A standard read-write lock is not particularly fast for concurrent reads. The lock-for-read operation is required so that reads prevent a concurrent write from starting, and wait for a write already started to finish. That's not fast on a multi-core system because it forces cache line bouncing between cores.
That is, unless particularly fancy types of read-write locks optimised for mostly reading are used, such as rwlock-per-core, and those are slow for writes. They are somewhat fast for reads on architectures with fast atomic operations, but not as fast as possible.
Read-write locks also come in different flavours, depending on whether you want new reads to be blocked and queued when there's a write blocked waiting for current reads to finish. Fairness is an issue. This can get complicated, and bugs in libc rwlocks are not unheard of because of the complication.
A seqlock can be used which has fast reads when there are no writes. They are fast on a multi-core system because there's no cache line bouncing between cores when there are only reads. But if there is a high rate of writes in one thread it can block all reads continuously, by causing them to livelock in loops. This is called spinning. More commonly, the writes tend to slow down seqlocked reads by a large factor in some scenarios, without blocking them completely. Just wasting a lot of CPU time and running slowly, out of proportion to the amount of blocking you would expect is necessary.
Rather like an over-contended spinlock. Spinlocks, which can come in a mutex flavour or read-write flavour, should rarely be used in threaded code outside a kernel. Because they spin as described above, out of proportion to the amount of blocking that's really required, and the effect is much worse in pre-empted userspace threads than in a non-premptible kernel.
It's possible to reduce seqlock and spinlock CPU spinning by transitioning to a different type of lock after some number of spins. Sometimes a dynamically estimated number of spins. This makes them behave better in userspace threaded code outside a kernel. But now your lock is rather complicated, and still not consistently fast at reads.
An approach which works really well is RCU. Concurrent reads can be very simple and never spin because there's no loop. There's no multi-core cache line bouncing. Writes are more complicated, and the reads have to adhere to certain patterns because the kind of concurrency allowed between reads and writes is different in RCU than with locks. It works best if your program has some kind of top-level event loop that is returned to often, to provide the "quiescent states" RCU requires. But there are other ways to do it, if there's no top level, they just require reads to do a bit more work than almost nothing.

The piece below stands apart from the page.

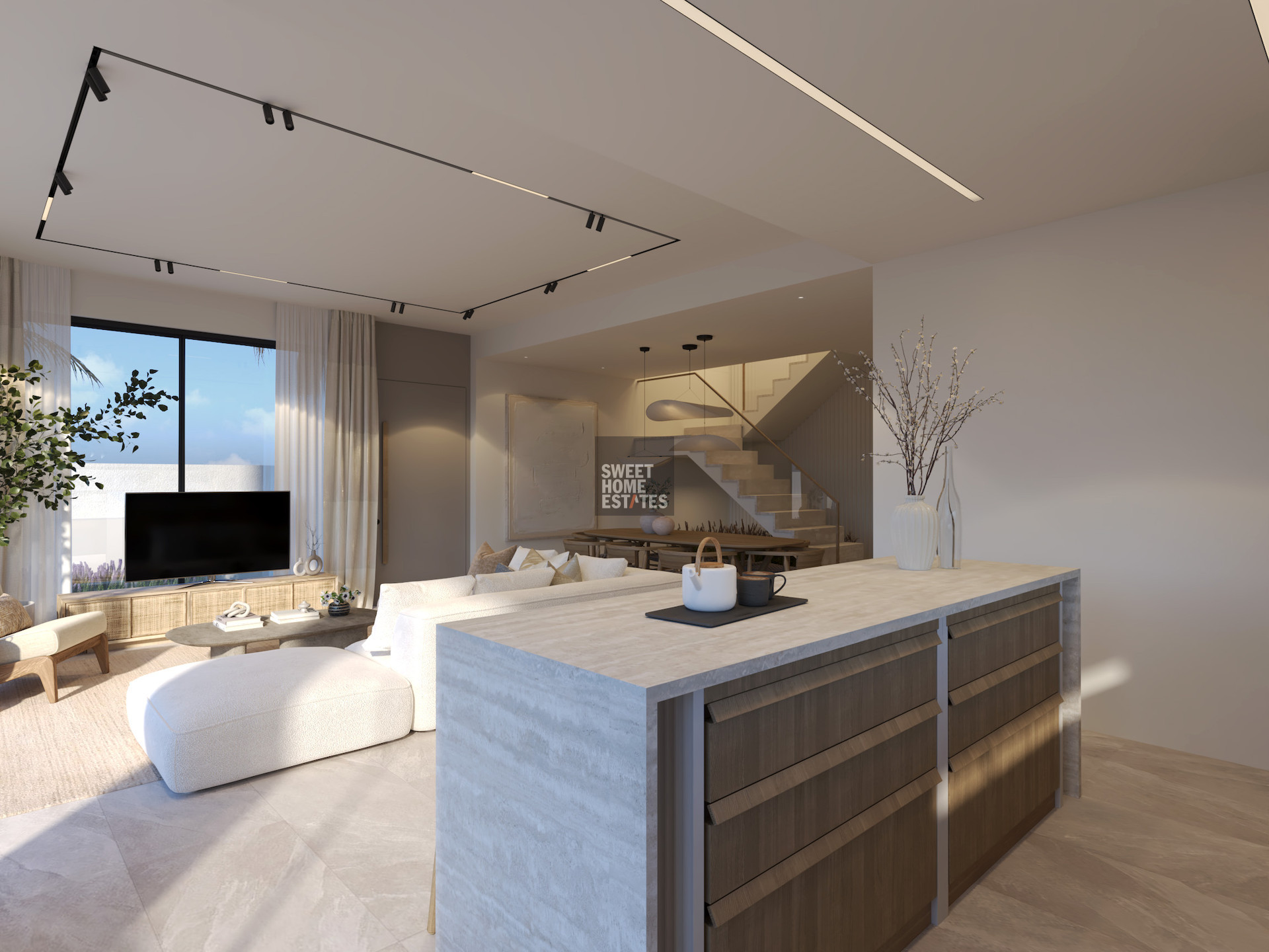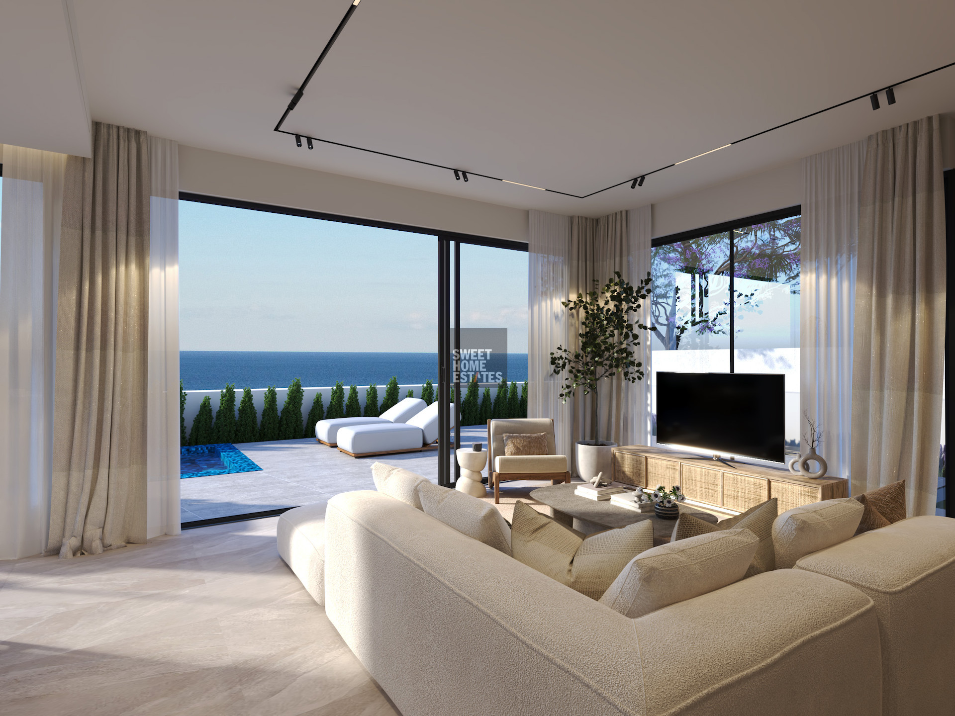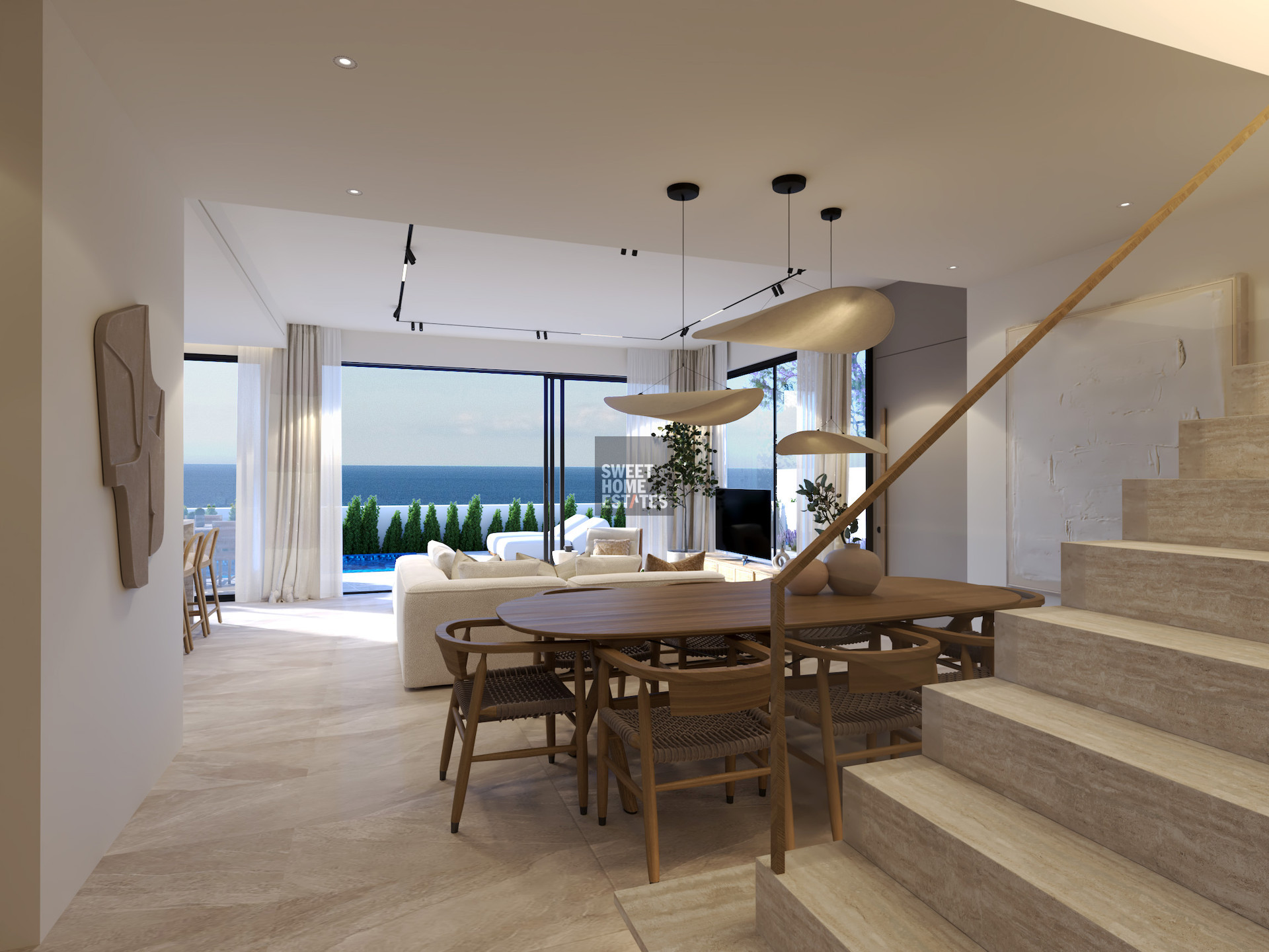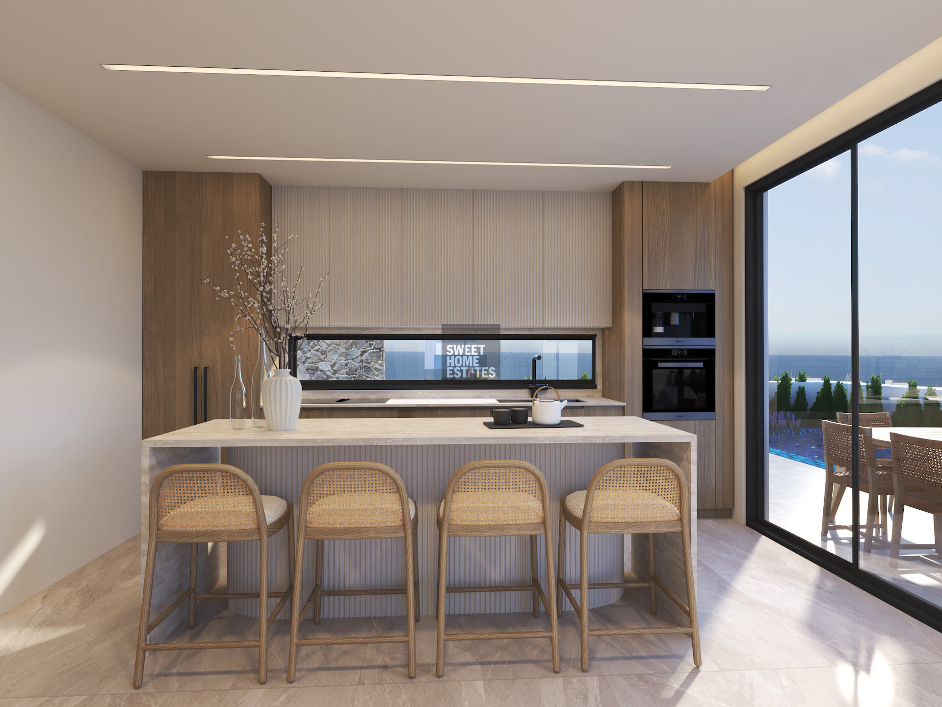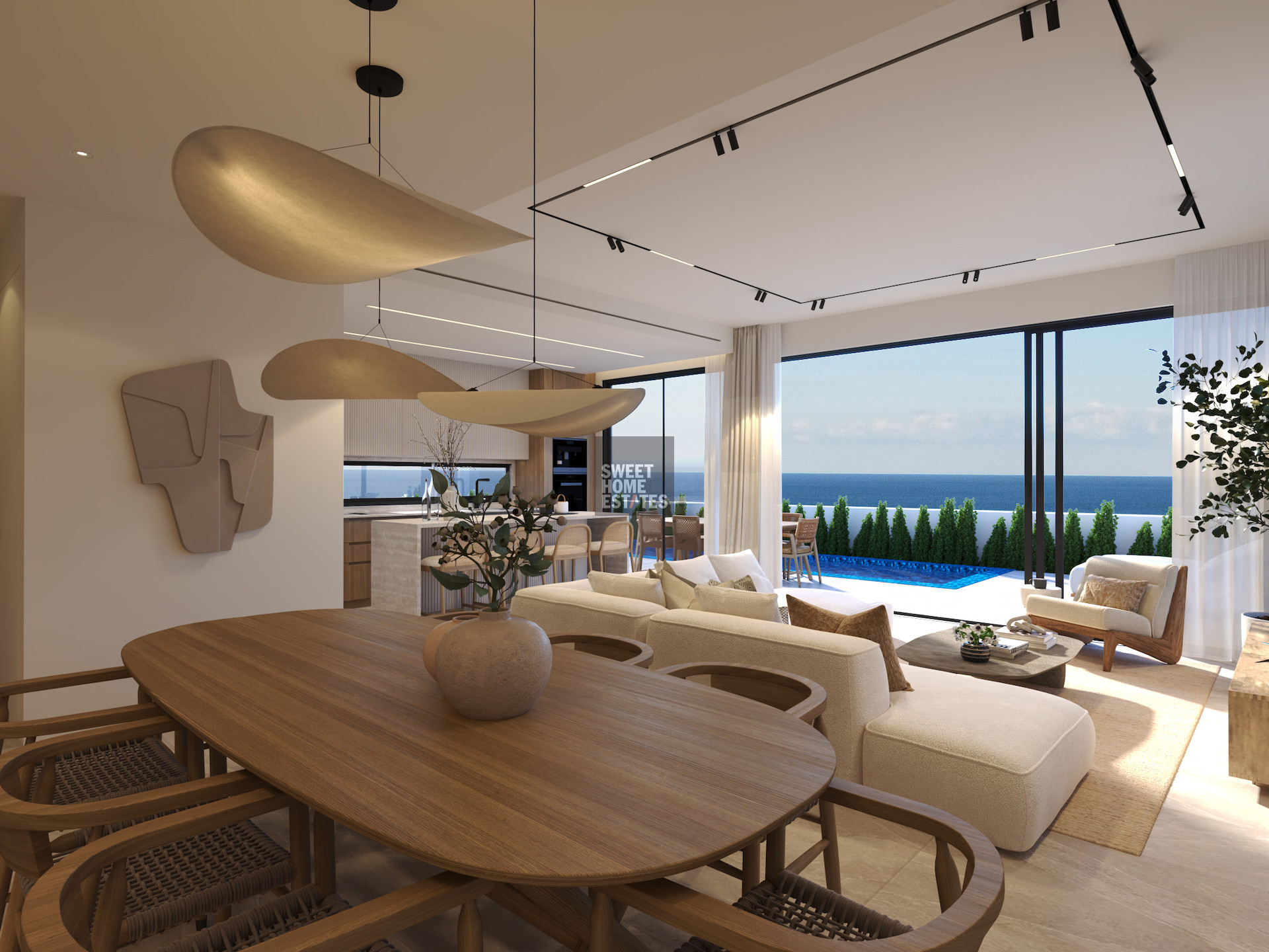 The villa offers a private overflow swimming pool, an expansive roof terrace with breathtaking 360° panoramic views of Protaras and the Famagusta skyline, and elegant open-plan interiors finished to the highest standards. With private parking and beautifully landscaped gardens, every detail has been carefully considered to provide both comfort and sophistication.

Even RCU requires a little something in reads though, to get correct data. This is a data-dependency memory barrier. These barrier operations require zero instructions on nearly all CPUs because of how memory systems are designed, but are famously not free on the DEC Alpha which shows that it's not a "no operation", it just happens to be a side effect that is usually baked in. Even with zero instructions on nearly all CPUs, they limit which code optimisations the compiler is allowed to do, so have a non-zero average overhead, but it is very small in practice.